Staring down a potential 10-year hitch in federal prison for obtaining his citizenship through a sham marriage, Marco Senghor, the owner of the restaurant and dance club Bissap Baobab, was instead today handed one year’s probation and a $1,000 fine.
“I’m very happy with the verdict,” said a misty-eyed Senghor outside the courtroom at the U.S. District Courthouse at 450 Golden Gate Ave., surrounded by friends and family.
Senghor pleaded guilty on March 28 to making a false statement on an immigration-related document — a felony stemming from a marriage he entered solely to obtain his U.S. citizenship. That guilty plea was part of a deal that erased two more serious charges that would have immediately revoked Senghor’s U.S. citizenship upon conviction.
He was last year publicly arrested on Aug. 1 while walking down Mission Street. Amid his legal battle with the federal government, Senghor sold Bissap Baobab on 19th Street in the Mission. He kept open a neighboring business, Little Baobab, and currently operates Bissap Baobab’s Oakland location.
The dramatically reduced sentence was apparently due in part to Senghor’s longstanding reputation as an immigrant success story.
“Indeed, the defendant has earned a reputation as a generous employer and a community-oriented philanthropist, especially within San Francisco’s Mission District where two of the defendant’s restaurants are located,” the United States Attorney’s office wrote in its Aug. 15 sentencing recommendation.
The feds on Aug 15 pushed for one year of probation and a $5,000 fine. Senghor’s attorneys asked for one year of probation, a $1,000 fine and community service. Judge William H. Orrick III opted for the latter. He handed Senghor 100 hours of community service.
“Given your history, I don’t think I have to order [community service],” Orrick said, referring to Senghor’s background in the community. “But I’m going to anyway, just in case someone looks at this down the road.”
Some 27 friends, family members, and even celebrities wrote letters supporting Senghor, including folk singer Joan Baez and rapper Michael Franti.
“My basis for supporting Marco doesn’t come from the longevity of our relationship, rather from witnessing his compelling personality, dedication to his club, and the atmosphere of joy and safety his club offers all races,” Baez wrote in a letter to the judge.
Senghor, born to a Senegalese father and a French mother, was the youngest in a large and accomplished family.
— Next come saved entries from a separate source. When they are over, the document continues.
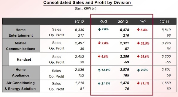 Az LG közleménye szerint a második negyedévben ismét veszteségesen üzemelt a telefonos részlege, mellyel együtt az eladások is folyamatos csökkenést mutatnak. Az áprilistól júniusig tartó időszakban összesen 13,1 millió mobiltelefont értékesített a kisebbik dél-koreai gyártó, mely negyedéves szinten 4 százalékos visszaesést jelent. A telefonos részleg 2 milliárd dollár árbevétel mellett 51,2 millió dolláros veszteséget termelt, vagyis egyelőre nagyon úgy tűnik, hogy az erős 4G LTE és 3D okostelefon termékpaletta sem hozta meg a várt áttörést. Az árbevétel kapcsán sajnos igen riasztó tendencia figyelhető meg, hiszen a visszaesés már negyedéves szinten is 7 százalékos, az előző évhez képest pedig 28,5 százalék feletti. Elemzők szerint az LG csak akkor szerezhet magának nagyobb piacokat, ha terméktámogatás terén is rákapcsol, hiszen a lassan érkező frissítések és kissé átláthatatlan termékstratégia miatt sokan inkább más gyártóknál próbálkoznak.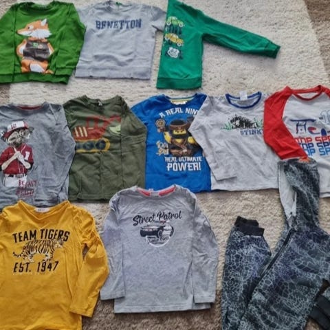 Myyn poikien vaatesetin, koko 116-122, hyvässä kunnossa. Vaatteet ovat Lindex, H&M ja Next -merkkisiä.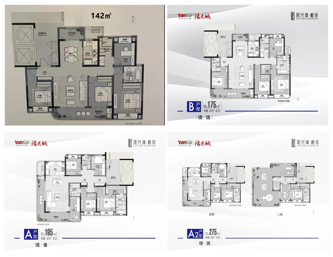 阳光城檀境预计9月首开,一次性推出3栋楼所有148套房源,户型建面142、175、195㎡,还有3套顶跃户型建面约275㎡,毛坯限价3.4万/㎡,全装修限价3.6万/㎡,精装放风4万/㎡(具体以开发商公布为准)。此外,项目后期还将推出建面约45-90㎡的公寓产品。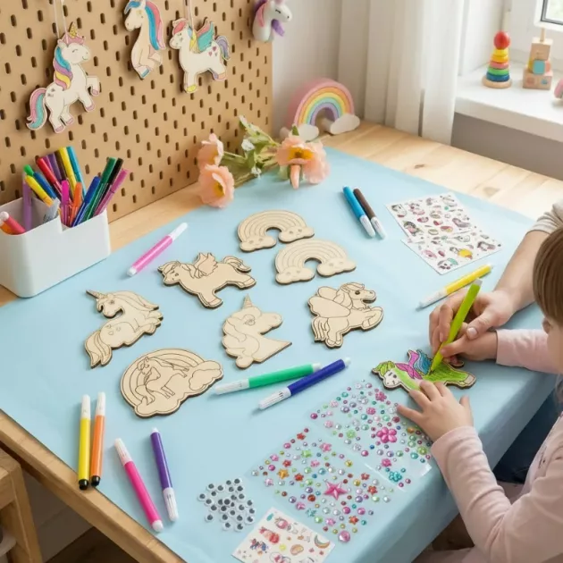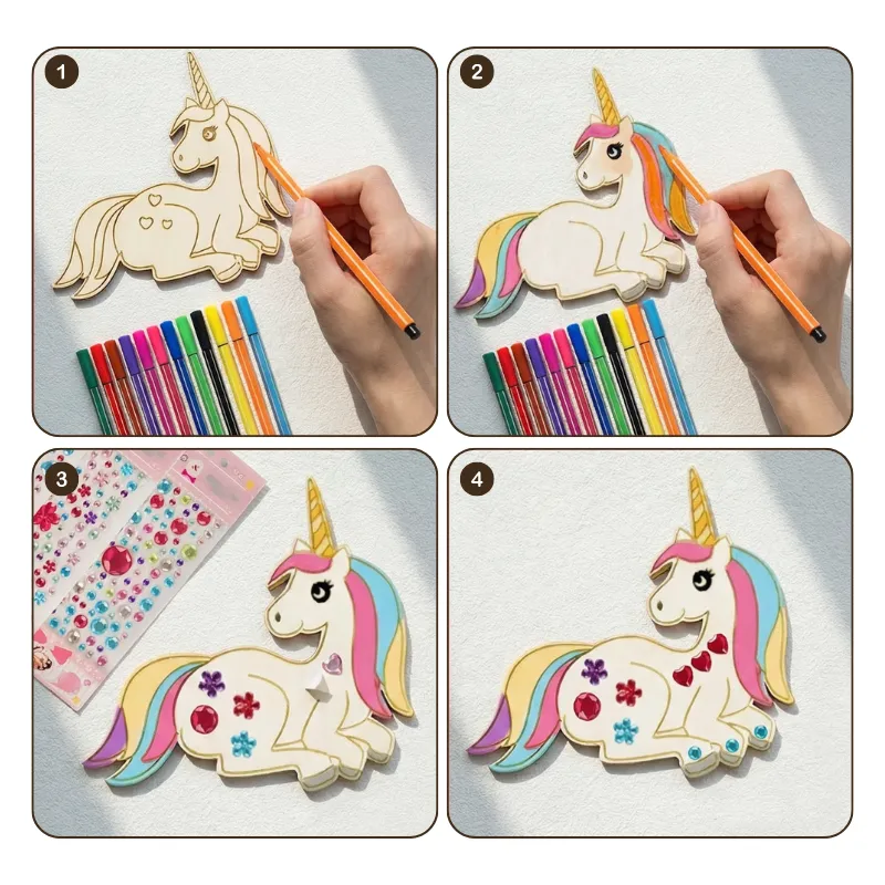 Kit de Artesanato Unicórnio de Madeira Faça Você Mesmo para Crianças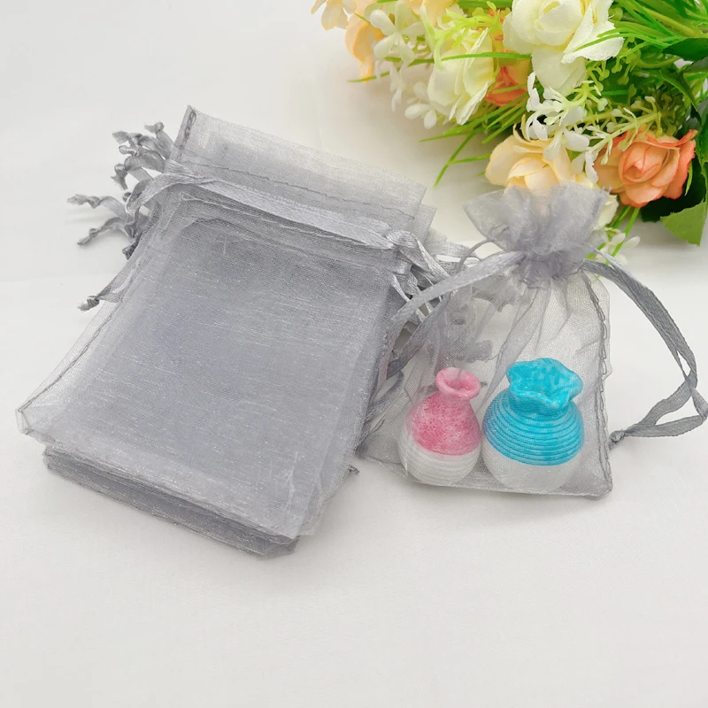 100pcs Gray Organza Gift Bags with Drawstring for Wedding Favors Party Supplies Candy Jewelry Packaging Storage Sachet Pouch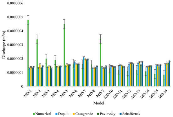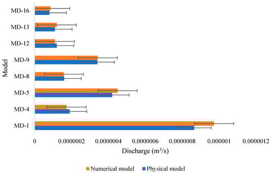 An examination of seepage discharge was additionally carried out, involving a comparison between the physical models and numerical simulations. Within this phase of the study, a total of eight physical models were utilized. Figure 6 presents a concise overview of the outcomes stemming from the seepage discharge analysis. Notably, the analysis revealed that the greatest seepage discharge was observed in model 1, characterized by a 1:1 (vertical to horizontal) embankment slope without a toe drain.

He came to the United States in 1989 at the age of 24, just after finishing his military service in France.
“It was a place where people were free to be entrepreneurs, with big cars, big burritos, where people had dreams,” Senghor told Mission Local in February, recalling his early days in the Mission.
In April 2000, in order to obtain his green card, he paid $7,000 to enter into a fraudulent marriage that lasted until August 2003, according to court records. Senghor “had never met the woman until he married her,” and “had no contact with the woman after the ceremony,” Assistant U.S. Attorney Casey Boome said at a March 28 hearing.
But observers saw the government’s response to the decades-old crime as heavy-handed. The feds initially charged him with two felonies that would have immediately stripped him of his citizenship upon conviction — while also attempting to seize some of his assets.
“They were charging him criminally,” Matthew Hoppak, an immigration attorney based in Kansas, told Mission Local in March. “They were seeking asset forfeiture, which is what they do against mobsters.”
Regardless, Senghor is now allowed to remain in the United States. At the conclusion of the hearing, Senghor faced some two dozen supporters in the audience, smiled and gave them a thumbs up.
“I’m very grateful for all the support I have received from friends and family this past year …” he had told the judge minutes earlier.